U.S. Industries, headquartered in Iselin, New Jersey, is a focused building
products company with three major business units and market leading brands: USI
Bath and Plumbing Products, Lighting Corporation of America, and USI Hardware
and Tools.


Disclosure Concerning Forward-Looking Statements
- ------------------------------------------------
Any forward-looking statements made in this release represent management's best
judgment as to what may occur in the future.
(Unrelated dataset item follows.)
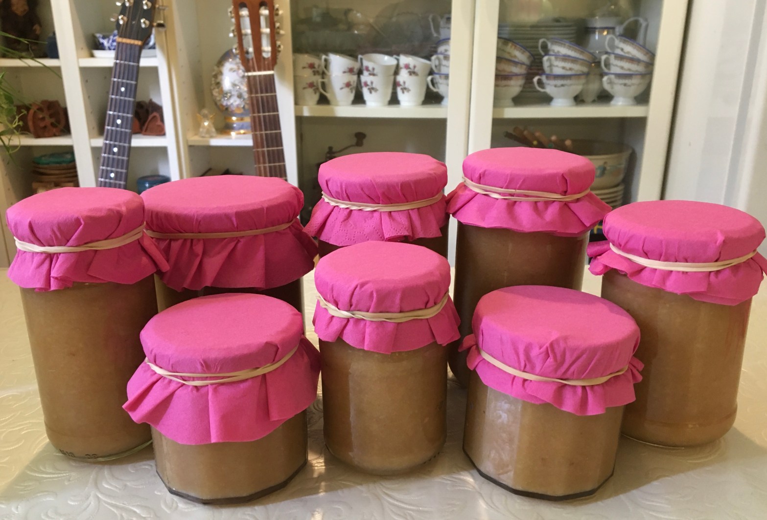 Today I have made Applesauce from fallen apples. Last night there was a heavy thunderstorm and heavy rains. In the common yard outside my apartmentcomplex there are these big appletrees. Anyone can pick the apples but I never see anyone but me do it. However most are so high up I cannot reach them. But due to the weather apples fell to the ground last night. This morning I went out and picked them. I have now cooked all and I got 2 kg of free Apple Sauce! I will freeze the jars and it will last me a year.

Various economic and competitive
factors could cause actual results to differ materially from those discussed in
such forward-looking statements, including some factors which will be outside of
the control of the Company, such as consumer spending patterns, availability of
consumer credit, interest rates, currency exchange rates, inflation rates, the
level of residential and commercial construction, the level of automotive
production, and the cost of raw materials, along with other specific factors
with respect to the Company's businesses as set forth in the Company's reports
and other documents filed with the Securities and Exchange Commission.